Even when a patient has the financial resources to access the Memory Disorders Clinic, said Dr. Caccappolo, those other barriers often reassert themselves. A state law (New York is the only state with such a law) requires that only licensed neuropsychologists or graduate students in psychology can conduct neuropsychological testing.
“Until we found out about this law, we used a tester who spoke Spanish and 30 percent of our tests were done in Spanish, but she isn't a neuropsychologist and now we can't use her. If there are any neuropsychologists or externs around who speak Spanish, they've already been scooped up by other programs, so we're turning people away for that reason, as well,” said Dr. Caccappolo.
And speaking Spanish isn't necessarily enough in evaluating complex neurological disorders, such as dementia, in immigrant patients. “The tools we have are culturally biased and fail to evaluate people properly. Even when we could give tests to Spanish-speaking patients, they hadn't been properly translated and normed,” she explained. [When tests are normed, a person's results are compared to those of others from the same background.] “For instance, if I have a 65-year-old Dominican woman with 10 years of education, I cannot compare her to other women with that level of education. All I can compare her to is a 65-year-old white woman with higher education.”
Indeed, said Dr. Caccappolo, the concept of neurological conditions such as memory disorders can be quite different in some immigrant communities, erecting yet another barrier to appropriate diagnosis and care. “Elderly Spanish speakers, particularly Dominicans, don't view their symptoms the same way we do. For example, if they have a visual hallucination, which can be part of a certain diagnosis, they may just say, ‘Oh, someone came to talk to me in my bedroom.’ They don't make as big a deal about it as we do, and if you're not aware of these cultural issues, you're going to misdiagnose more easily,” she said. Anxiety about failing memory is often dismissed as “nerves,” and men, defensive about such things, must be asked more specific questions like, “Have you been losing your glasses more often lately?”
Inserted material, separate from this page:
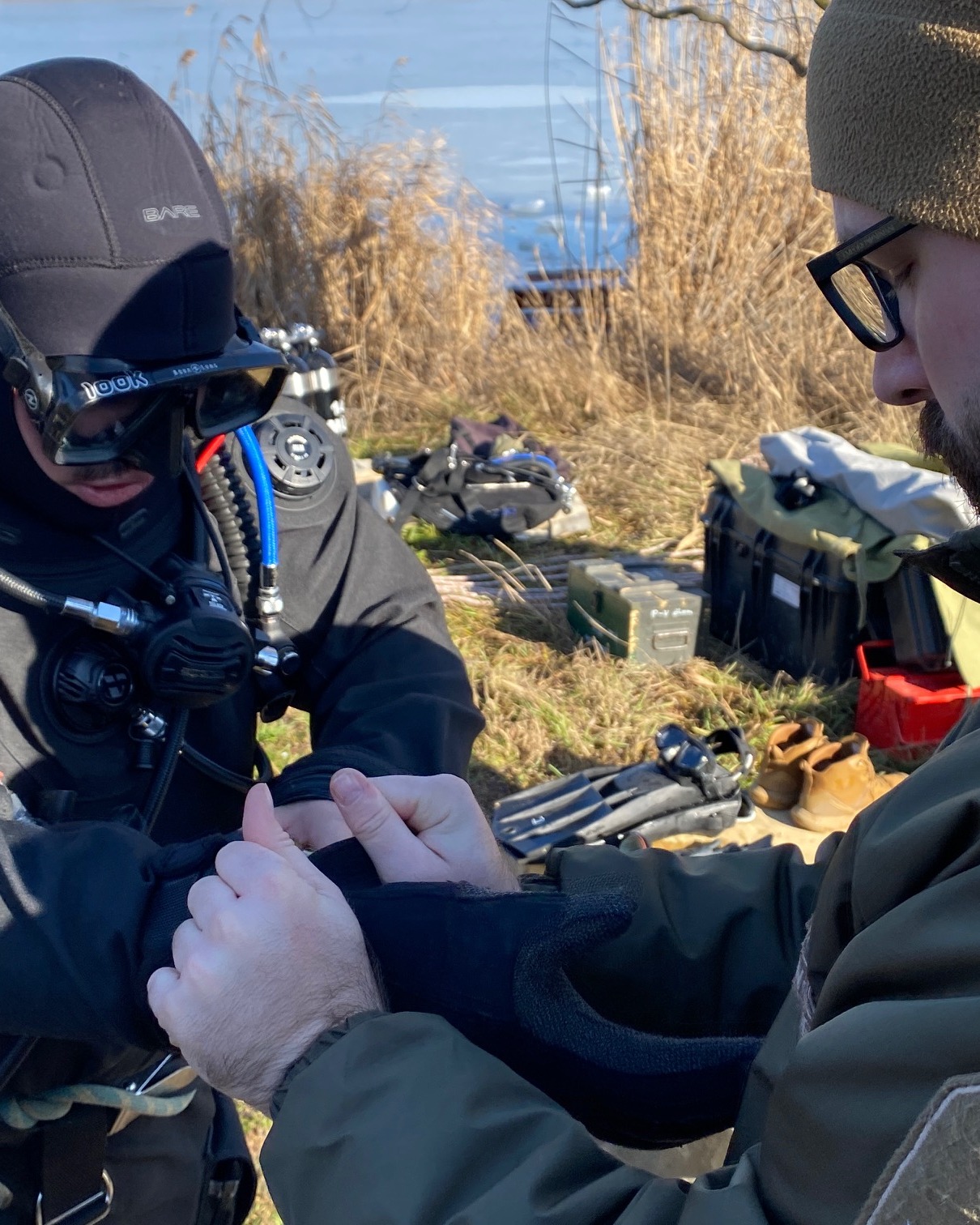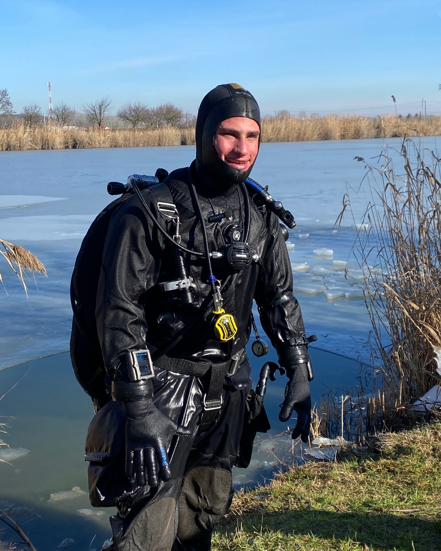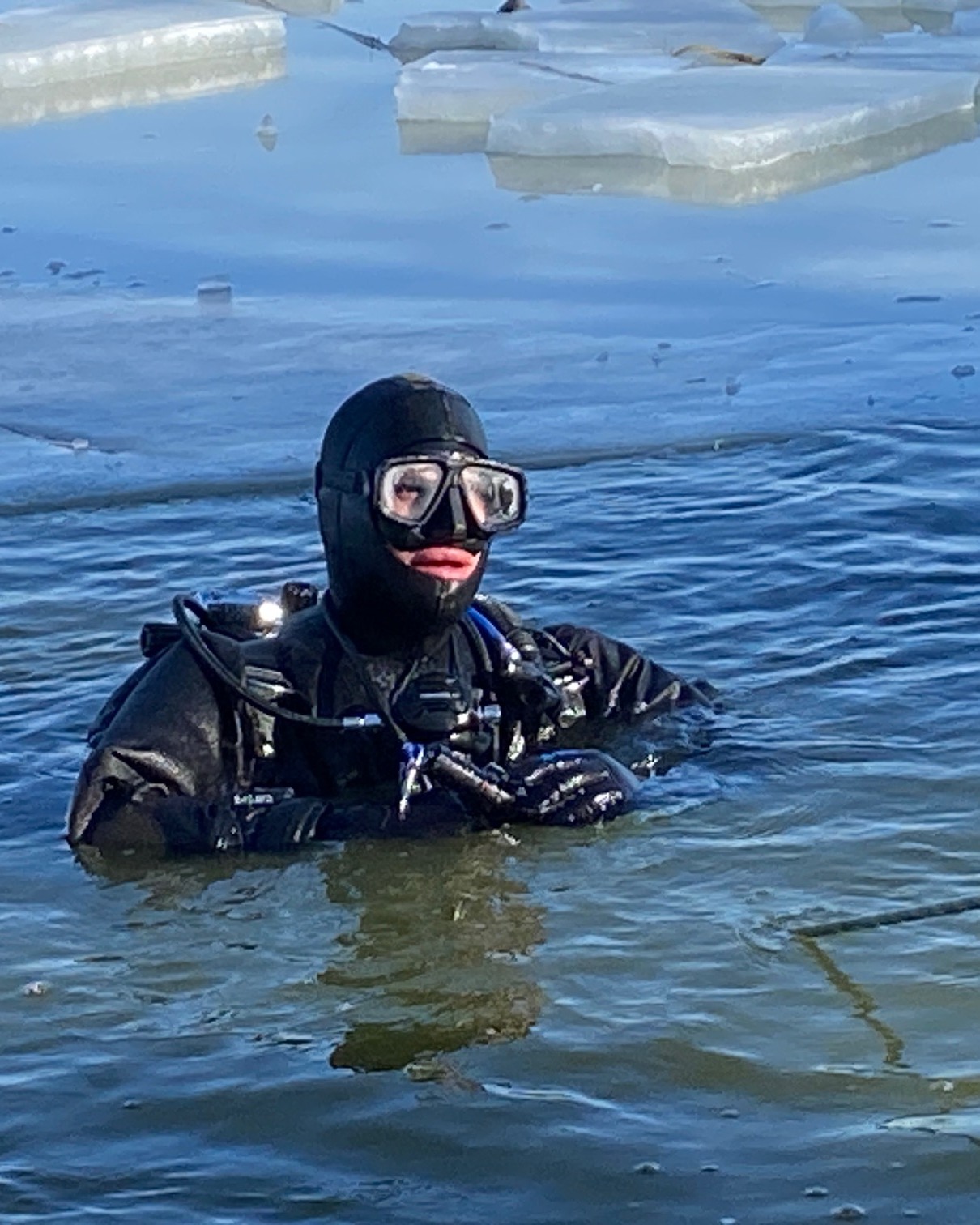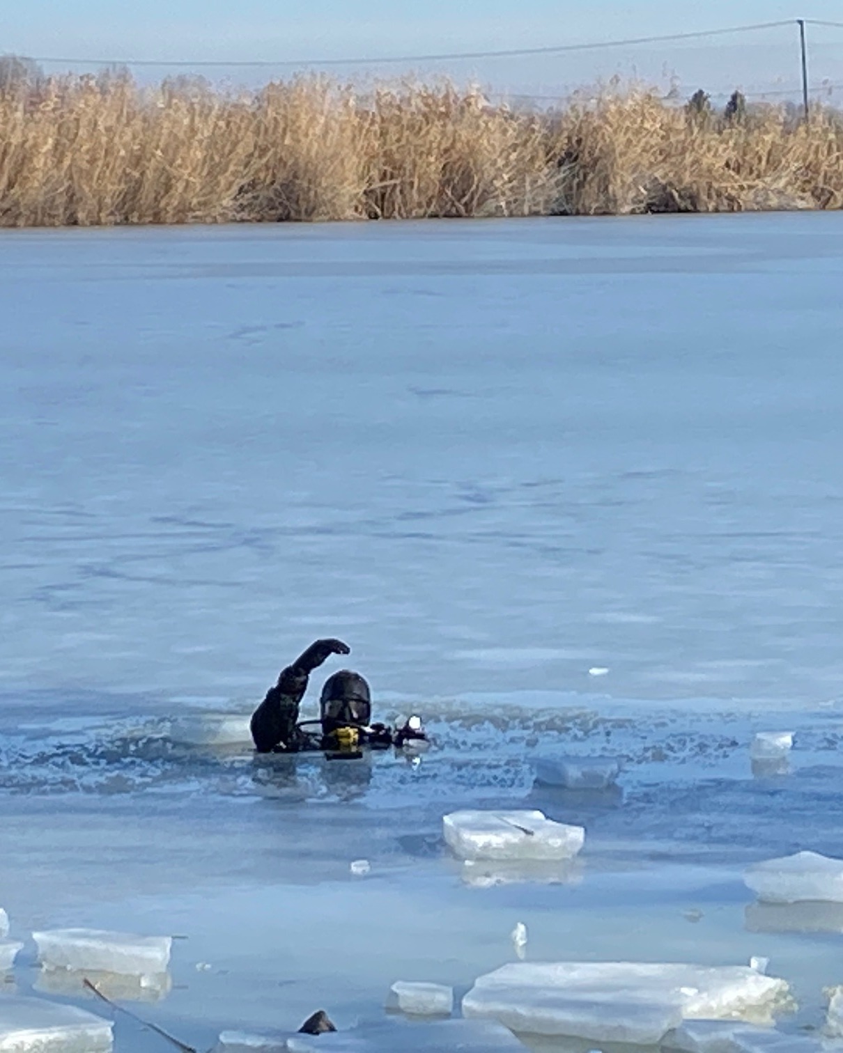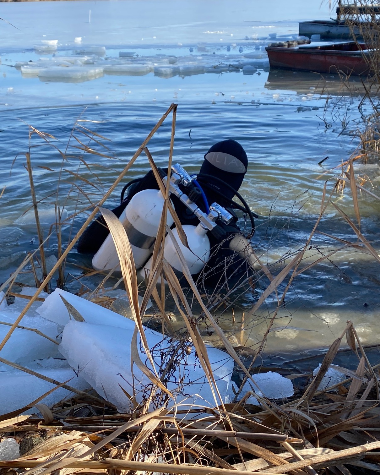 Műszaki búváraink a Holt-Tiszánál gyakorolták a jeges merülést….
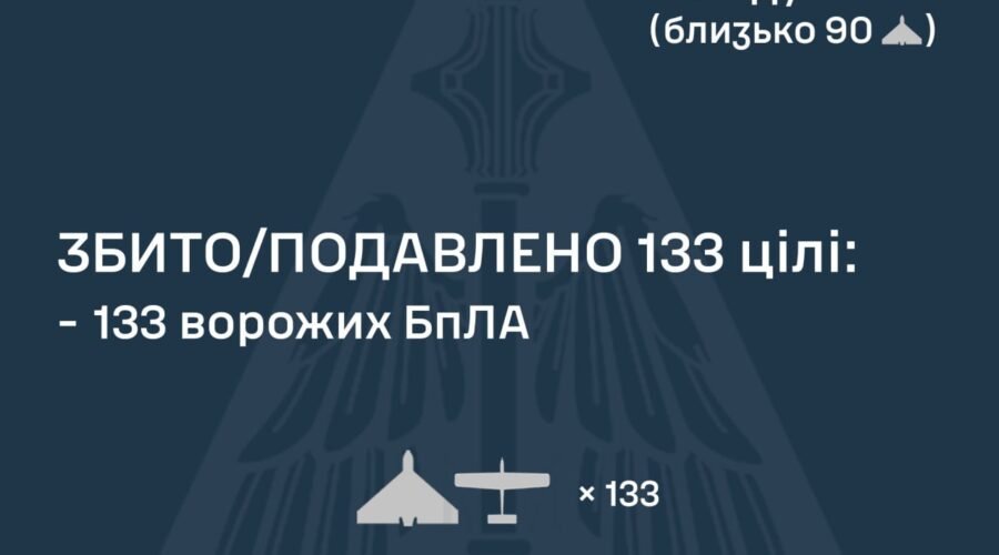 За попередніми даними, станом на 08:00, протиповітряною обороною збито/подавлено 133 ворожих БпЛА.

Immigrants come to the health care system with low expectations already, said Dr. Bradley. “Many of the countries in Latin America, for example, don't have a health insurance system. The poor can't get health care until they get very sick, and they almost expect that as what they should have here in the United States. We believe and hope that we can provide a better level of care for them, but sadly, it is not true.”
ARTICLE IN BRIEF
- ✓ Neurologists discuss the language, cultural, and financial barriers that affect care for immigrants, legal and illegal.